• Directions for this task
Skip pictures in the listing below; copy exactly the lines from the one with "Бригады электриков МБУ" through the one with "vorhanden, Pleurocystidia ca.", inclusive.

• Excerpted records

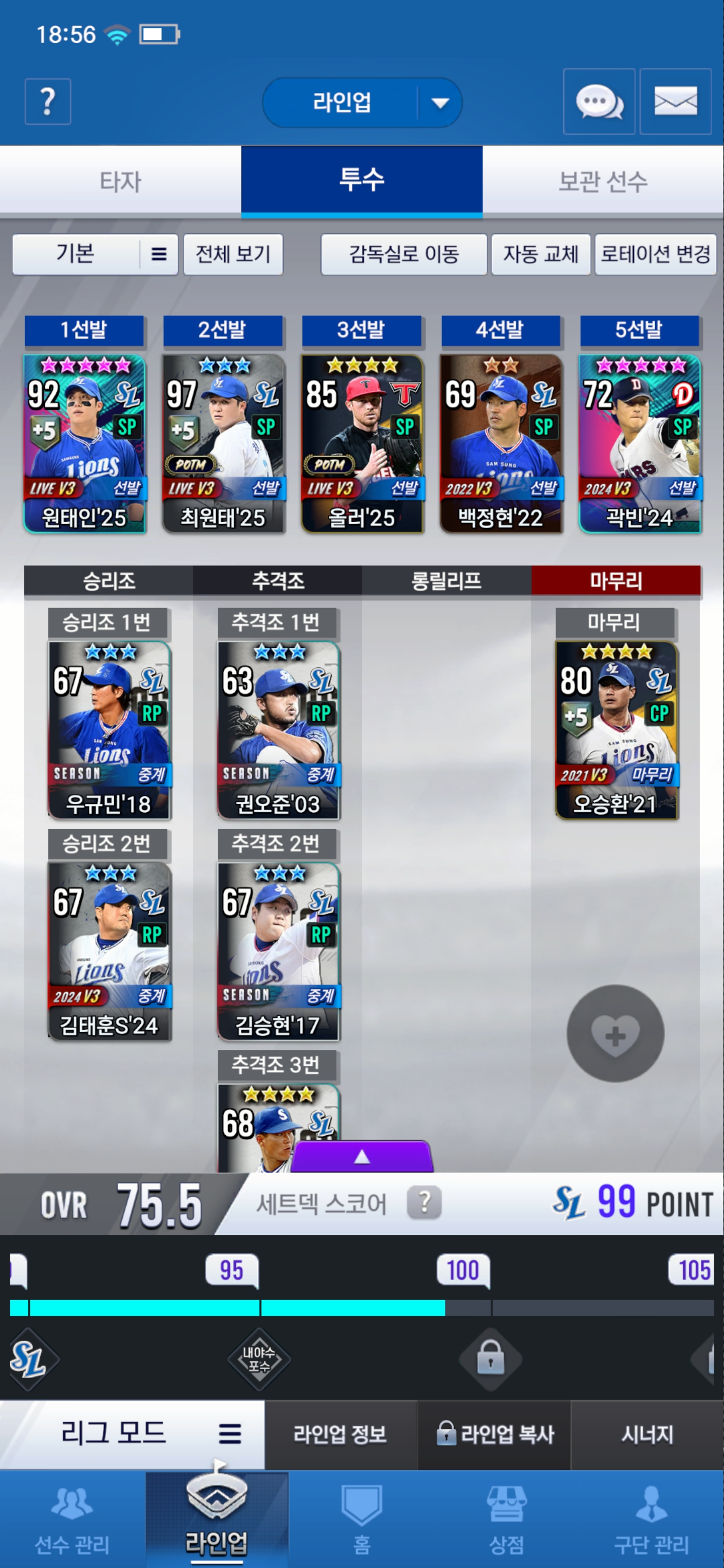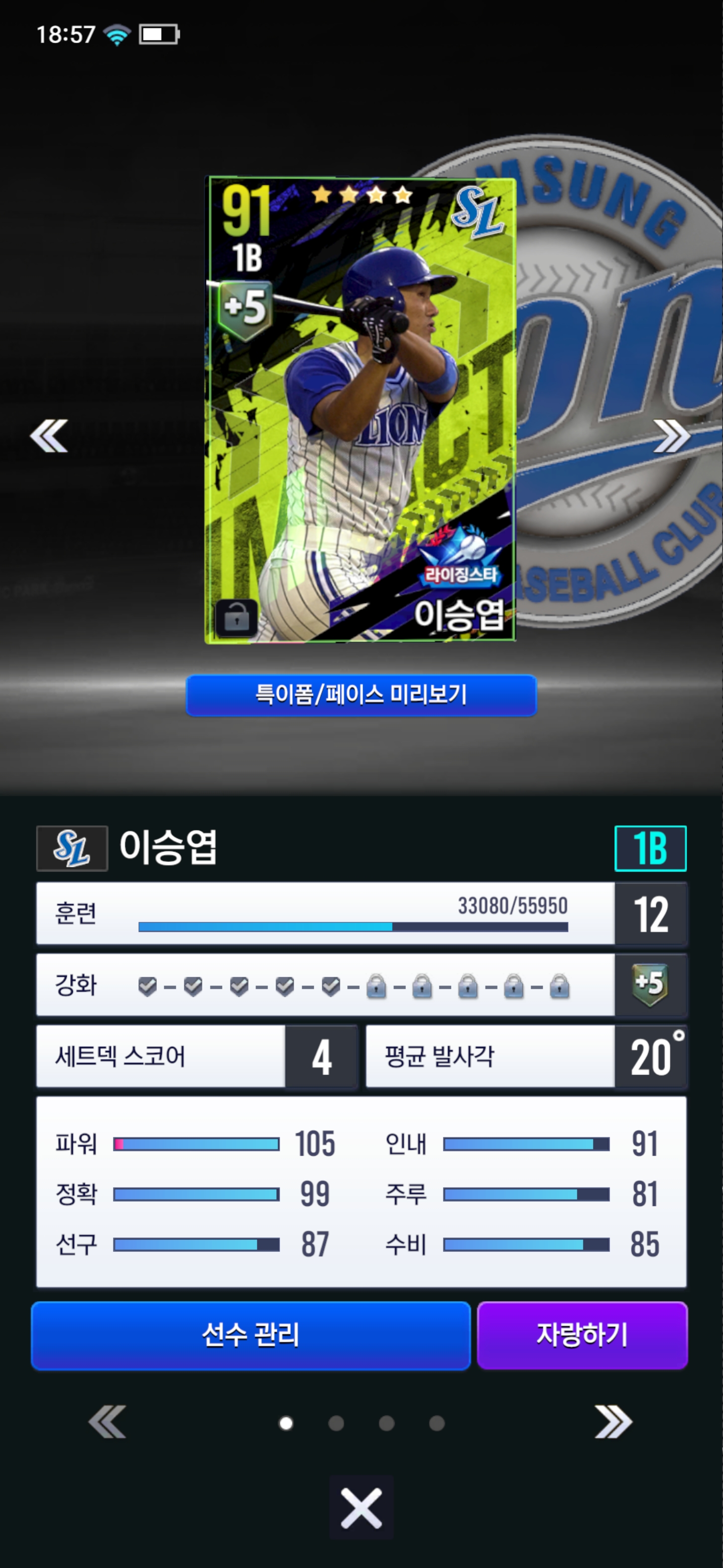만든지 하루 되었고 리세는 아무리 돌려도 라이징스타 이승엽이 최선 이어서 만들었습니다
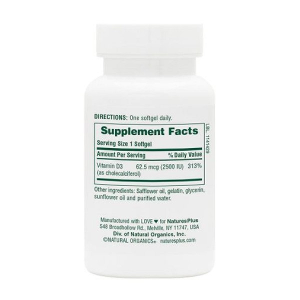 Витамин Д3, Vitamin D3 2500 IU - 90 softgels Nature's Plus
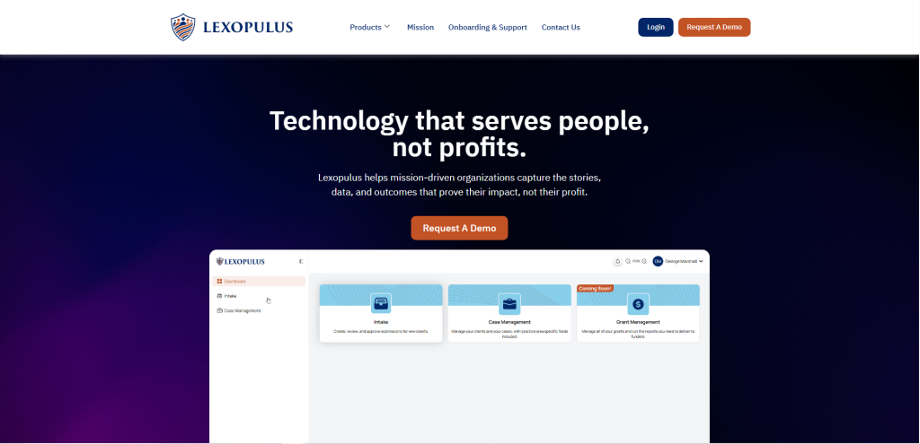 Lexopulus is a legal tech platform designed for legal aid organizations, nonprofits, and clinics to manage cases, intake processes, and reporting efficiently.
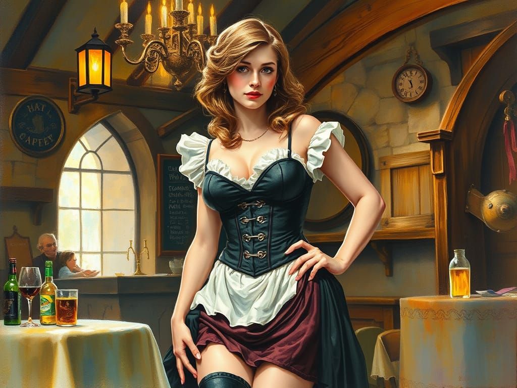This image depicts a tavern maid in revealing medieval attire. The artwork evokes pin-up art through mixed media, with oil paint and watercolor techniques creating a classic aesthetic.
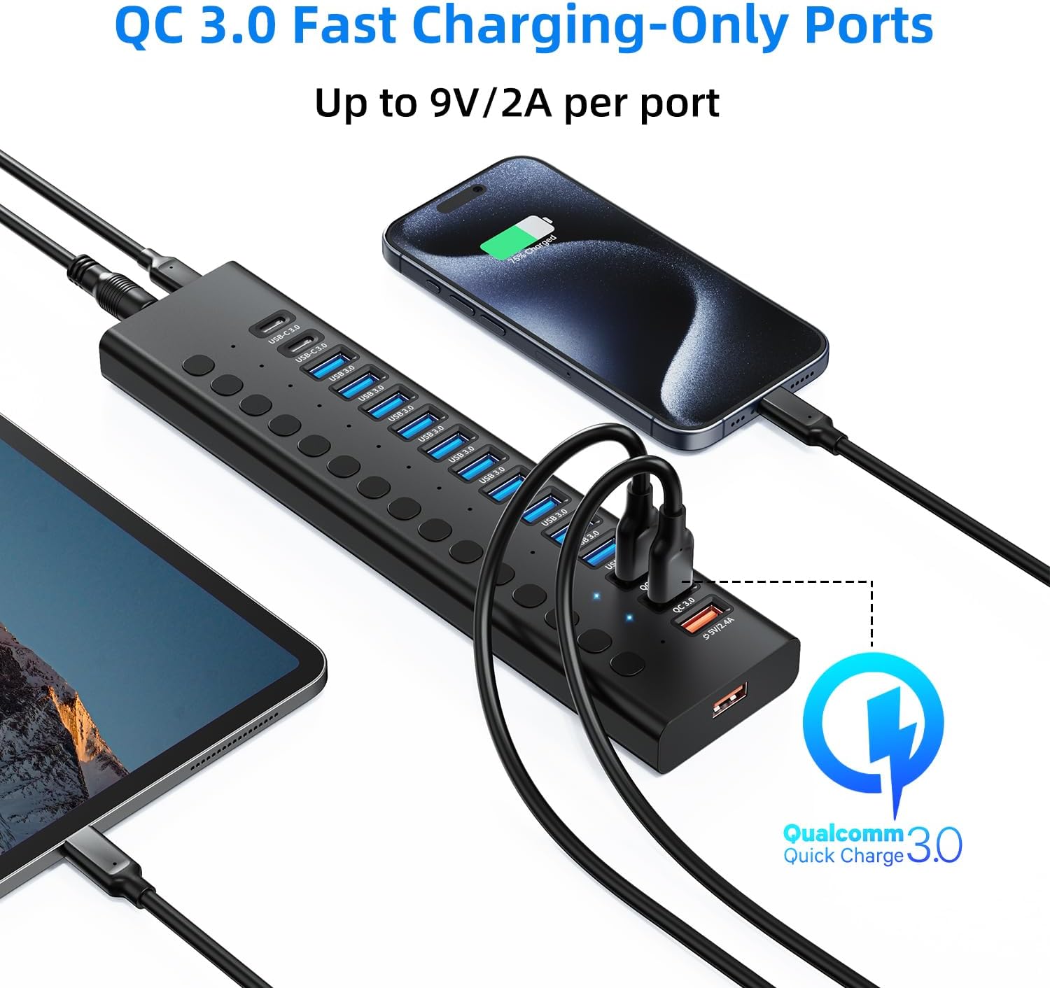 Powered USB 3.0 Hub, 16-Port USB C Hub Splitter (10 USB 3.0+2 QC 3.0+2 Smart Charging+2 USB-C 3.0) with Individual Switches, 12V 7.5A 90W UL Certified Power Adapter for Laptop, Mac, PC, Computer
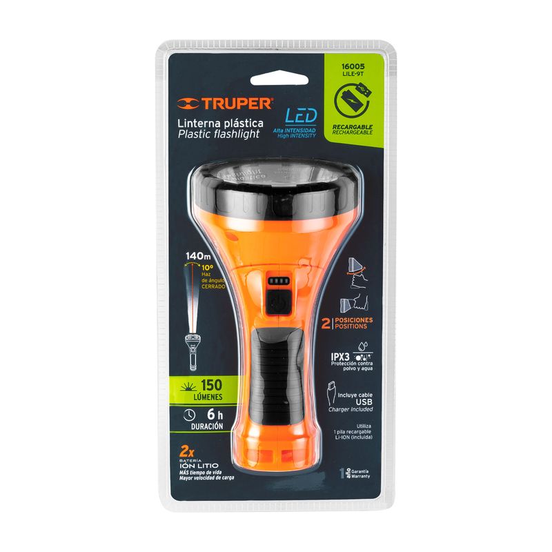 Linterna plástica 1 LED 150 lm recargable, Truper
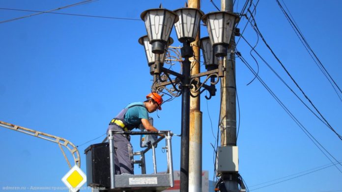 Бригады электриков МБУ «ДБГ» на этой неделе проводили монтаж и перетяжку проводов на улицах Новикова-Прибоя, Яхонтова, Черновицкая, Ленинского Комсомола, Касимовское шоссе, Интернациональная, Бирюзова, Островского, Льва Толстого, Окский проезд, Индустриальный переулок, Театральной площади, Севастопольской аллее. По информации городской администрации, всего было отремонтировано более 1100 метров проводов уличного освещения.
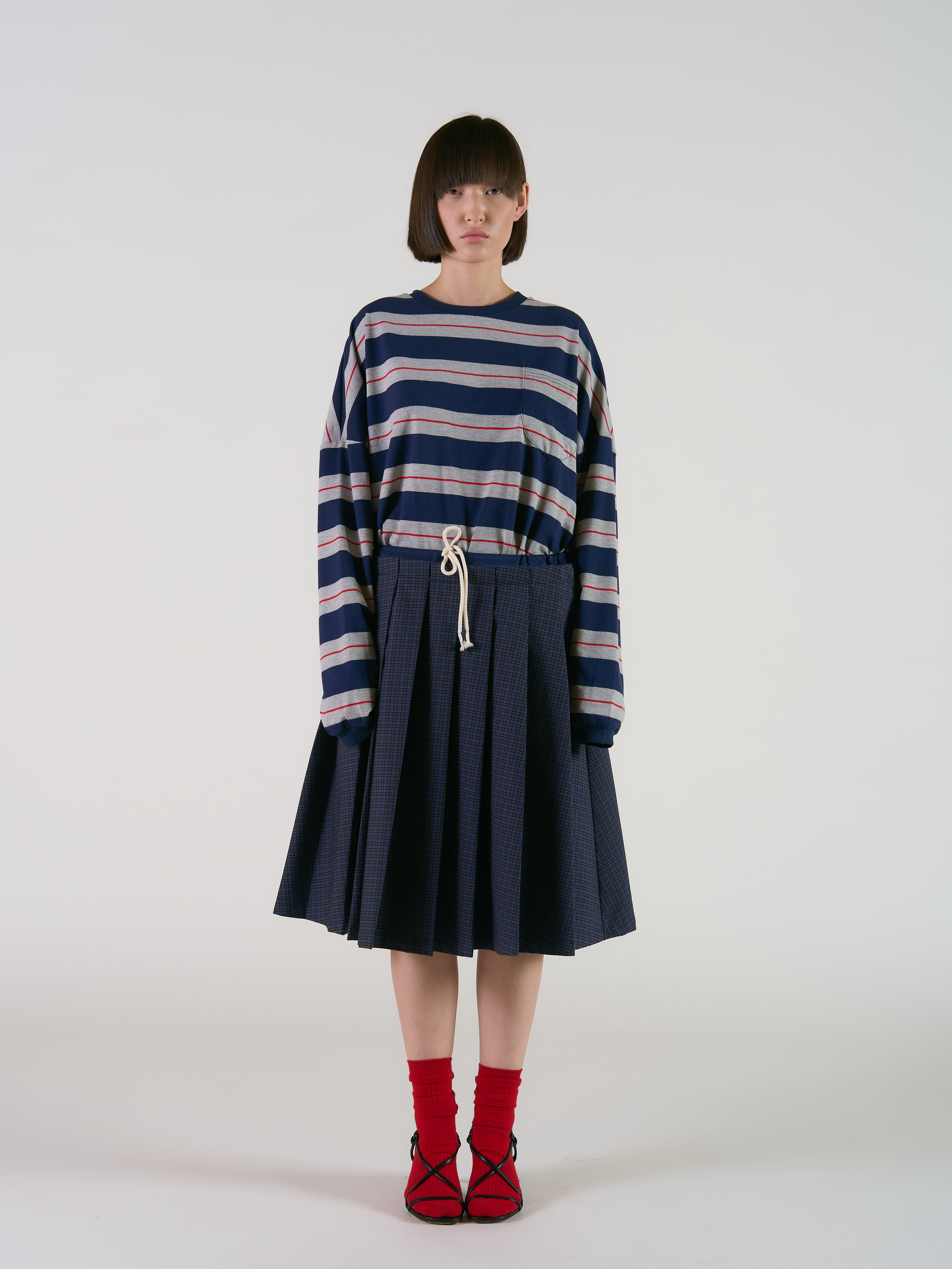 Юбка со складками, напоминающими школьную эстетику, длина чуть ниже колена. Юбка имеет двойной пояс с кулисками, благодаря которым можно регулировать обхват и создавать дополнительный объем. Также присутствует боковая скрытая молния. Крой колокольчик, имеет подклад. Параметры модели Рост: 164 см Грудь - 85 см, талия - 63 см, бедра - 93 см Размер на модели: XS
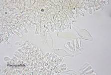 vorhanden, Pleurocystidia ca. 50 x 15 µm, utriform, nur vereinzelt findbar,
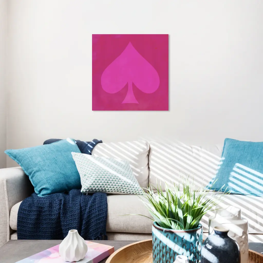 The Spade Deux, is a skillfully made Modern & Contemporary art piece by real artists. With an overarching Pink color, this fine art print by Wynwood Studio Canvas is the perfect finishing touch to your home décor theme. Features: This art piece has a square orientation Performing Arts design with a Playing Cards theme to bring you the perfect wall art Sustainable and forest friendly canvas print Professionally hand stretched in a 0.75 inch-thick sustainable wood frame Arrives ready to hang with pre-installed hooks for easy hanging. Nail and hanger also included Printed using ultra-premium and fade resistant inks to guarantee high definition and vivid colors Available in several size options Proudly made in the USA
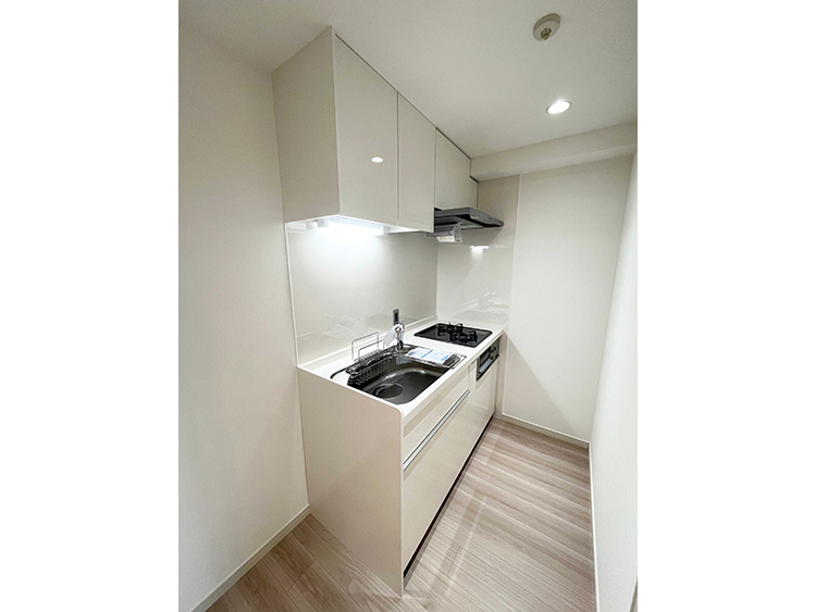 間取は一切変えず、設備器具の入替を行いました。照明計画を変更することにより、他の部屋との差別化を図りました。照明にバリエーションを持たせるように引掛けシーリングに取付けるスライド回転式ライティングレールを選定いたしました。
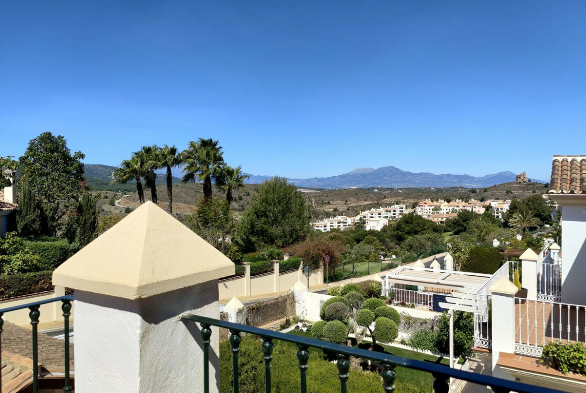 Semi-detached house in Alhaurín Golf urbanization, with beautiful panoramic views of the countryside. Main floor with: entrance hall, living-dining room with fireplace and access to a west-facing garden terrace with Jacuzzi, full bathroom with shower, large and fully equipped kitchen and access to a porch with barbecue and a rear garden with tropical plants, swimming pool and orientation East. Upper floor, has 3 large bedrooms, the master bedroom with terrace, beautiful views and bathroom en suite. Two large bedrooms and a bathroom with shower. The urbanization is residential, quiet, with a fantastic golf course and golf club with bar, restaurant, where you can enjoy beautiful views.
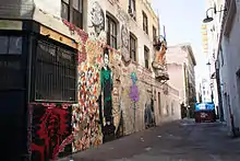 Indian Alley is the unofficial name given to a stretch of alley in the Skid Row area of downtown Los Angeles, so designated for the significance the area held for indigent American Indians from the 1970s to the 1990s.[1] Since 2011 the alley has become a notable site for Los Angeles street art hosting murals and sculpture that commemorate its historical significance to Skid Row's American Indian community.[2]

• Solution to this task
 Бригады электриков МБУ «ДБГ» на этой неделе проводили монтаж и перетяжку проводов на улицах Новикова-Прибоя, Яхонтова, Черновицкая, Ленинского Комсомола, Касимовское шоссе, Интернациональная, Бирюзова, Островского, Льва Толстого, Окский проезд, Индустриальный переулок, Театральной площади, Севастопольской аллее. По информации городской администрации, всего было отремонтировано более 1100 метров проводов уличного освещения.
 Юбка со складками, напоминающими школьную эстетику, длина чуть ниже колена. Юбка имеет двойной пояс с кулисками, благодаря которым можно регулировать обхват и создавать дополнительный объем. Также присутствует боковая скрытая молния. Крой колокольчик, имеет подклад. Параметры модели Рост: 164 см Грудь - 85 см, талия - 63 см, бедра - 93 см Размер на модели: XS
 vorhanden, Pleurocystidia ca. 50 x 15 µm, utriform, nur vereinzelt findbar,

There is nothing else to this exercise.